◆ WORK ITEM:
In the listing below, locate the line with "- Wymiary zewnętrzne" and the line with "合気道みことでは、仕手(技を", then output both and everything between them exactly, minus any pictures.

◆ PROVIDED ENTRIES:
____
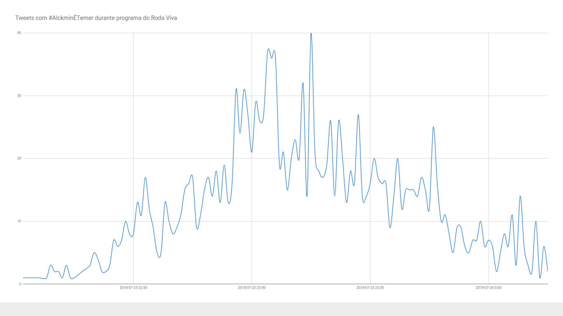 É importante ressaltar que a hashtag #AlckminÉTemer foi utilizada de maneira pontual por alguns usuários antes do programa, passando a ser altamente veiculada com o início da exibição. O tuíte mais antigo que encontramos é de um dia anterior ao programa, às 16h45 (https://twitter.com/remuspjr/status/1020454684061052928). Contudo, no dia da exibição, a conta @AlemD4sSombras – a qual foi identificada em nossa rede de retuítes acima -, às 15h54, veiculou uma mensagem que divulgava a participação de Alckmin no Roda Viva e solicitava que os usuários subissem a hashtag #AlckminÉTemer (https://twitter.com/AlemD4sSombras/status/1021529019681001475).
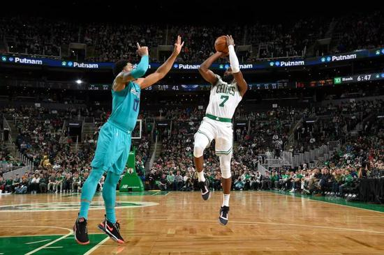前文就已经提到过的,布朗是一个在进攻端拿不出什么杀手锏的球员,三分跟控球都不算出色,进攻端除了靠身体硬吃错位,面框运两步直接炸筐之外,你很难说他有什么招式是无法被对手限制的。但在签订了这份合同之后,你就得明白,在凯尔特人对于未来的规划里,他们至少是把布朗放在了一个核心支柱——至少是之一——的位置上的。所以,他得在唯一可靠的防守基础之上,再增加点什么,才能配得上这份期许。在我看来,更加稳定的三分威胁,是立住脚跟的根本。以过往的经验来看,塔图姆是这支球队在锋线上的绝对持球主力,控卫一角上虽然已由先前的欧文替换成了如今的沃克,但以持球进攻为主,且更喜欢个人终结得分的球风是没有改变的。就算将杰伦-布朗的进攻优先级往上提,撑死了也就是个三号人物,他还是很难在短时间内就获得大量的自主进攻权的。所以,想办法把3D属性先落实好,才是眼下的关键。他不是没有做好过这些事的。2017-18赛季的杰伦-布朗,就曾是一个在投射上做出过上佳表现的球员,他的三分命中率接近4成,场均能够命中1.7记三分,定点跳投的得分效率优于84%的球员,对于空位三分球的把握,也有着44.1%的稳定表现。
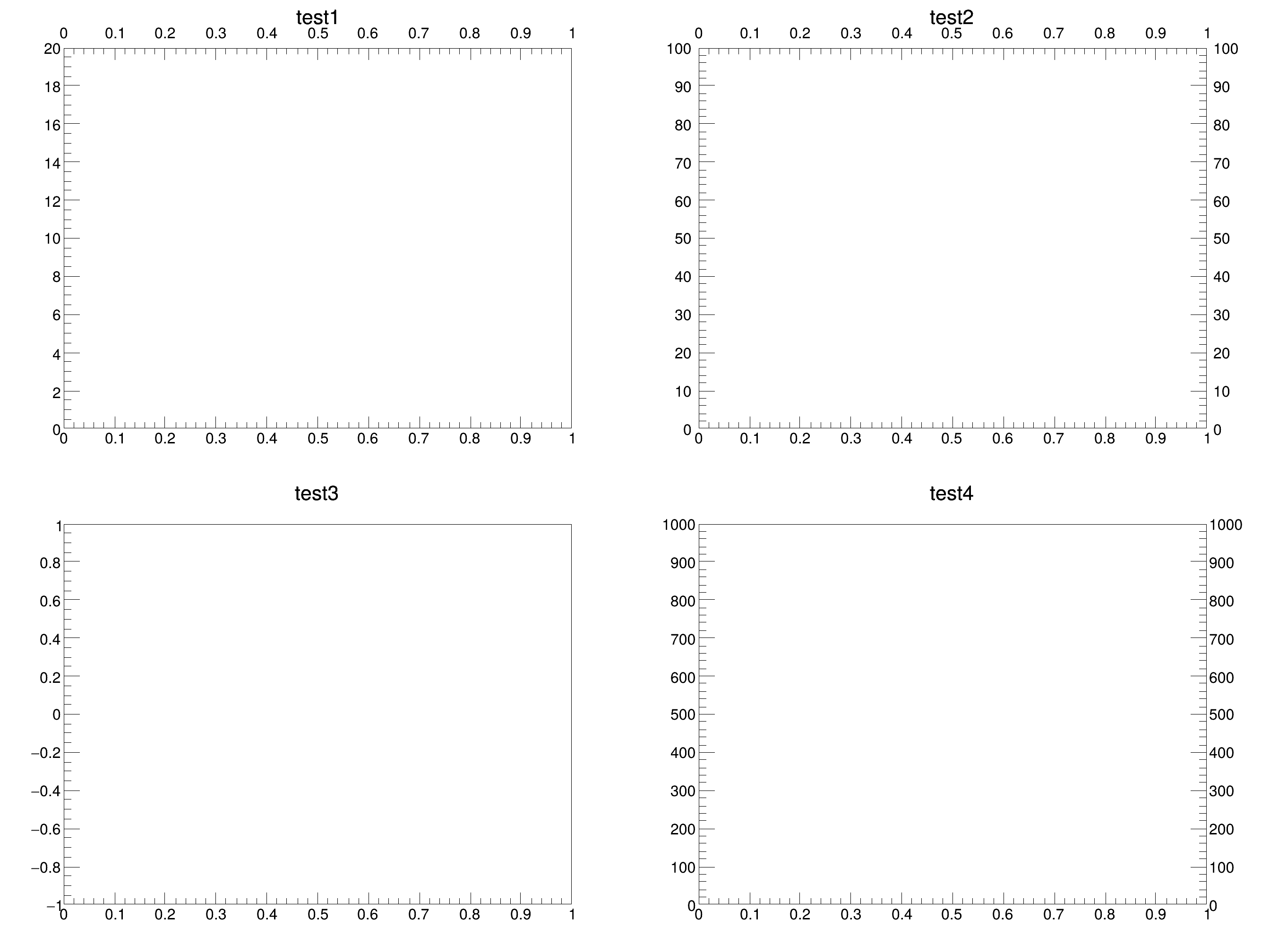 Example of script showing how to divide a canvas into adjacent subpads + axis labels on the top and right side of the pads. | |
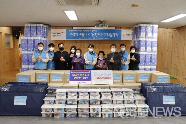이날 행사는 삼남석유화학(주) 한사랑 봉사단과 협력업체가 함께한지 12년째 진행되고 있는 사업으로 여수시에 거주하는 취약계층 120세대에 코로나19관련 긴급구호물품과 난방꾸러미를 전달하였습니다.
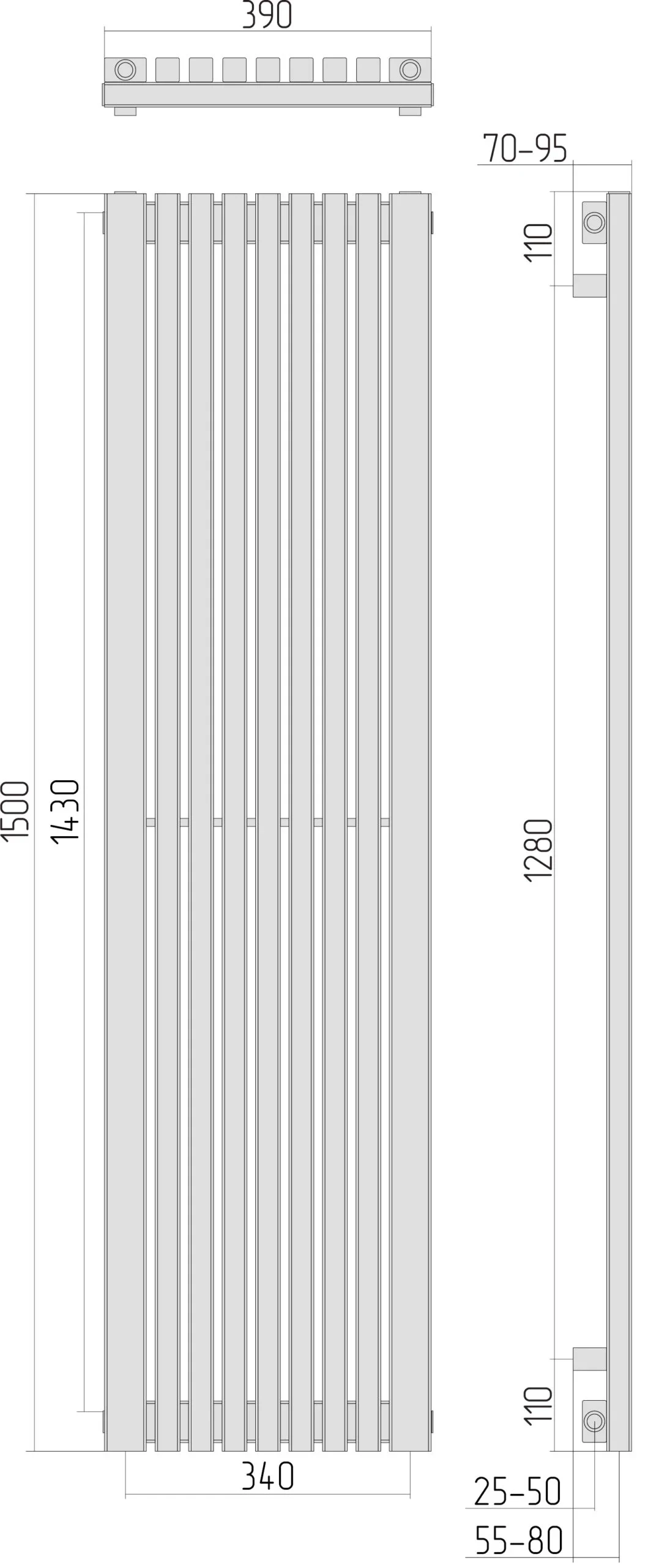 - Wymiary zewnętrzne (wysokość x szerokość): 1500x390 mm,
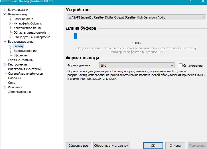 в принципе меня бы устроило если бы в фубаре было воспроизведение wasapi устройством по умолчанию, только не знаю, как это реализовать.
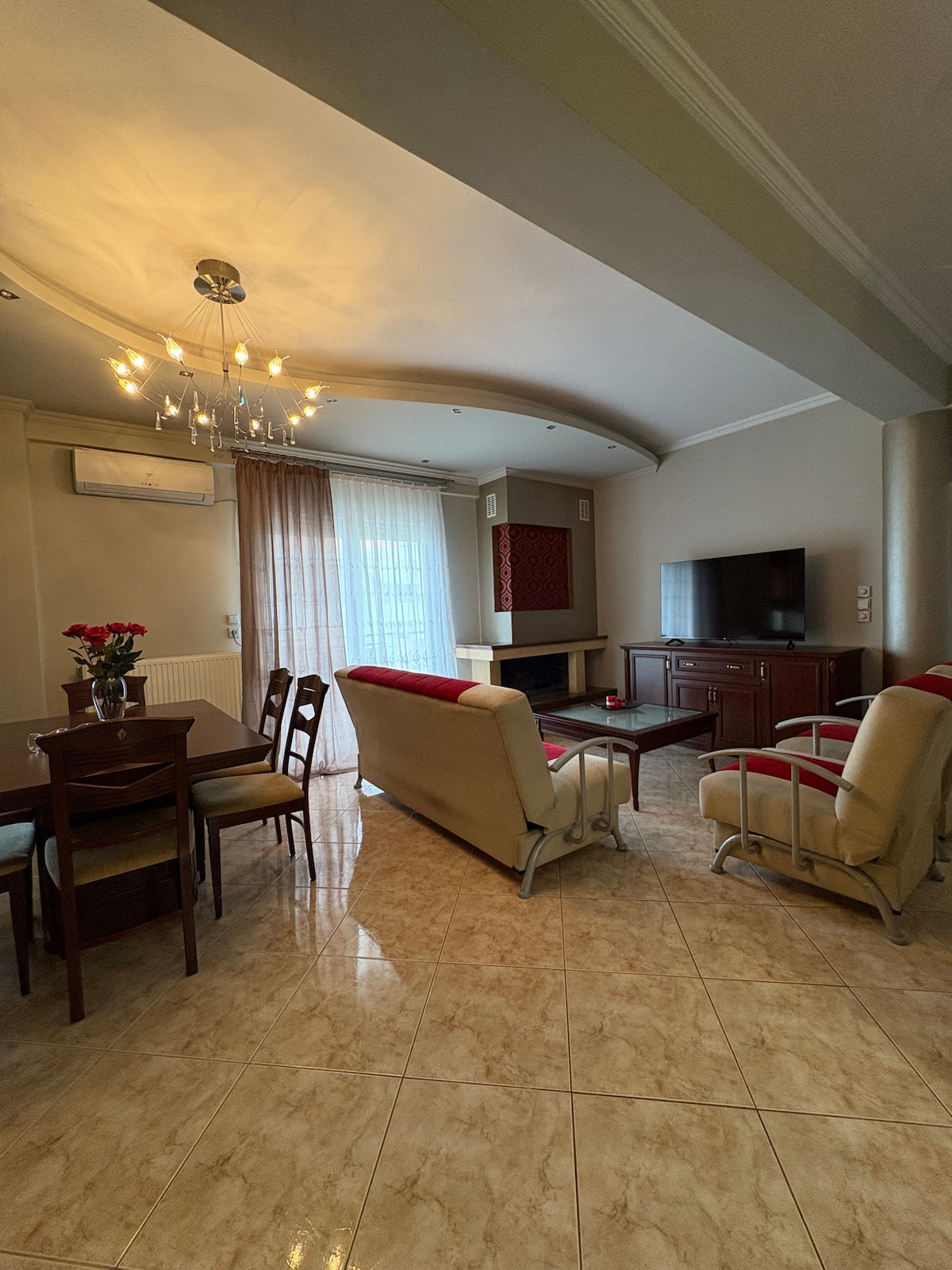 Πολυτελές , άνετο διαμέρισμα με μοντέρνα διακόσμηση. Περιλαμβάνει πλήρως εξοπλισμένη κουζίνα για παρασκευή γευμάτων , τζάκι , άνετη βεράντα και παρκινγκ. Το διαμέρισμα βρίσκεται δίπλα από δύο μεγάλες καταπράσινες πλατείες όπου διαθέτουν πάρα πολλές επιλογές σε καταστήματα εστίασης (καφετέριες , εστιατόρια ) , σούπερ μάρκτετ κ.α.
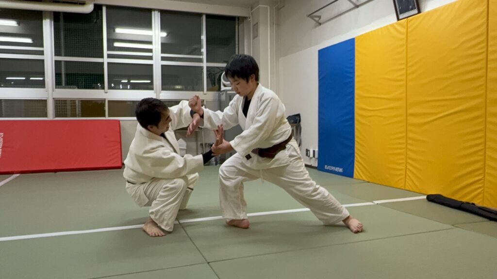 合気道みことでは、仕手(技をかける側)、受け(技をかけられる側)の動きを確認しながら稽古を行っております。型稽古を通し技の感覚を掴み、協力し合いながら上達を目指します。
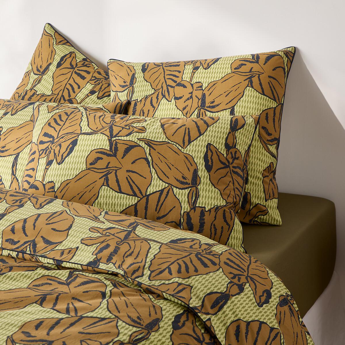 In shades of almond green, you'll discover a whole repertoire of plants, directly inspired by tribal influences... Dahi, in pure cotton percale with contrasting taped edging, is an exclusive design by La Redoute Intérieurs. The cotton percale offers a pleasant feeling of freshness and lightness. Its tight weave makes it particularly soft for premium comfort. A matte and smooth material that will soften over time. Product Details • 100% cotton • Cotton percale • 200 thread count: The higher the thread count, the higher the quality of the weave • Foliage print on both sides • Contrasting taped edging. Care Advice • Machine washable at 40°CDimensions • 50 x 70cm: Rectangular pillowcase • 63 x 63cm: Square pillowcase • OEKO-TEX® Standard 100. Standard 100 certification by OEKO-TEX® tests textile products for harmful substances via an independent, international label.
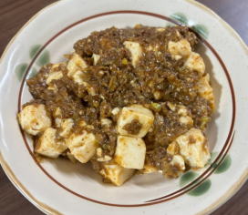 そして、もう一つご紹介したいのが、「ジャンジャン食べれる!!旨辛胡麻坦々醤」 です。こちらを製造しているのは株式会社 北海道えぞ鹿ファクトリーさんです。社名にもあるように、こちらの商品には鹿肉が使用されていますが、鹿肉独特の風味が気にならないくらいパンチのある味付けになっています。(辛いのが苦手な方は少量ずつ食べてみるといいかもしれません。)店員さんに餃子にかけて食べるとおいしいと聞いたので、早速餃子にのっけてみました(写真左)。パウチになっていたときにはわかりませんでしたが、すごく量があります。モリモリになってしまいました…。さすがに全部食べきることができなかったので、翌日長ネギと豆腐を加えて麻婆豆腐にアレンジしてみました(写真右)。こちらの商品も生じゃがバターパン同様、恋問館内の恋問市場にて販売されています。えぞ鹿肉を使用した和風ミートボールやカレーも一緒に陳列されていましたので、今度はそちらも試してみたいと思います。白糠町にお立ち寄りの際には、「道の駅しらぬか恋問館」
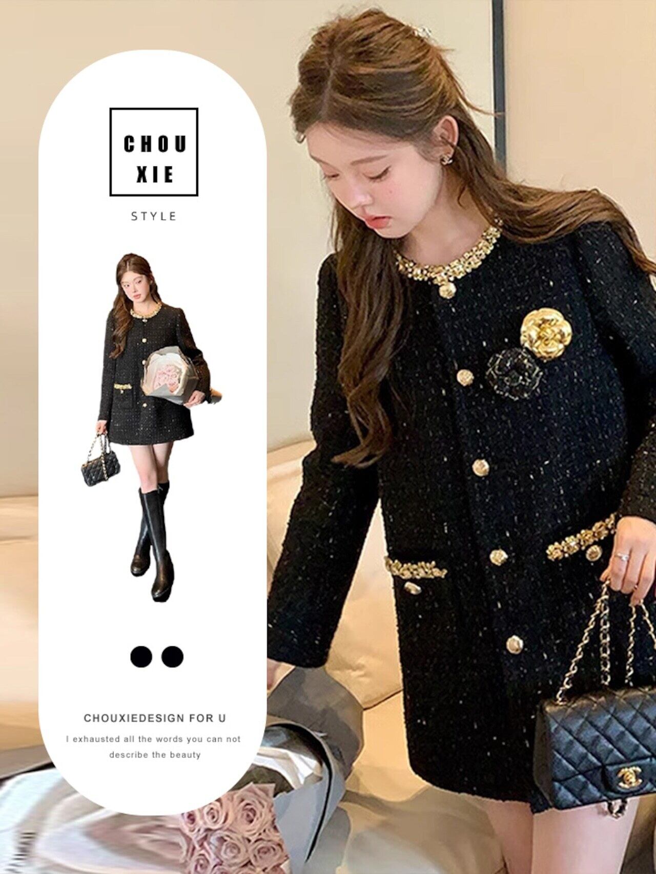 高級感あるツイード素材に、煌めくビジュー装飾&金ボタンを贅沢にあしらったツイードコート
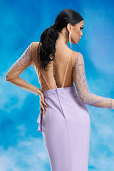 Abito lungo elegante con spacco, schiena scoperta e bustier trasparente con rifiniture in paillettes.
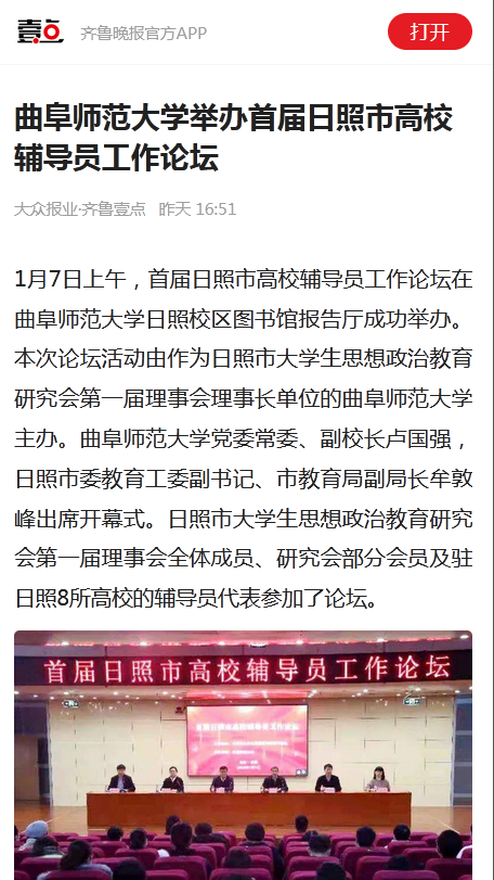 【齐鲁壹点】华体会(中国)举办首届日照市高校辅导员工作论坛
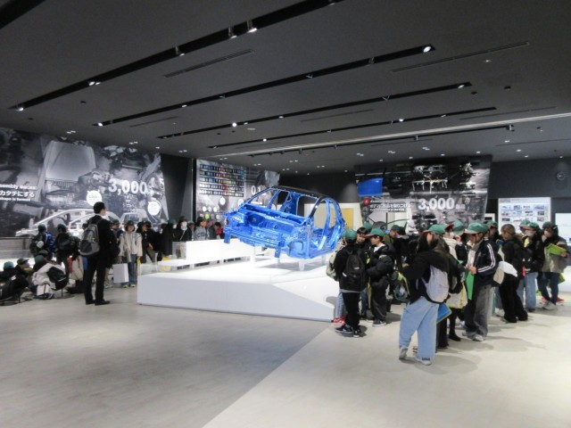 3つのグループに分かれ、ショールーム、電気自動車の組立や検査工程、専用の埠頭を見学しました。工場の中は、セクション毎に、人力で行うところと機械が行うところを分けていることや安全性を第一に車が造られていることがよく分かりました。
____
◆ ANSWER SPACE:
 - Wymiary zewnętrzne (wysokość x szerokość): 1500x390 mm,
 в принципе меня бы устроило если бы в фубаре было воспроизведение wasapi устройством по умолчанию, только не знаю, как это реализовать.
 Πολυτελές , άνετο διαμέρισμα με μοντέρνα διακόσμηση. Περιλαμβάνει πλήρως εξοπλισμένη κουζίνα για παρασκευή γευμάτων , τζάκι , άνετη βεράντα και παρκινγκ. Το διαμέρισμα βρίσκεται δίπλα από δύο μεγάλες καταπράσινες πλατείες όπου διαθέτουν πάρα πολλές επιλογές σε καταστήματα εστίασης (καφετέριες , εστιατόρια ) , σούπερ μάρκτετ κ.α.
 合気道みことでは、仕手(技をかける側)、受け(技をかけられる側)の動きを確認しながら稽古を行っております。型稽古を通し技の感覚を掴み、協力し合いながら上達を目指します。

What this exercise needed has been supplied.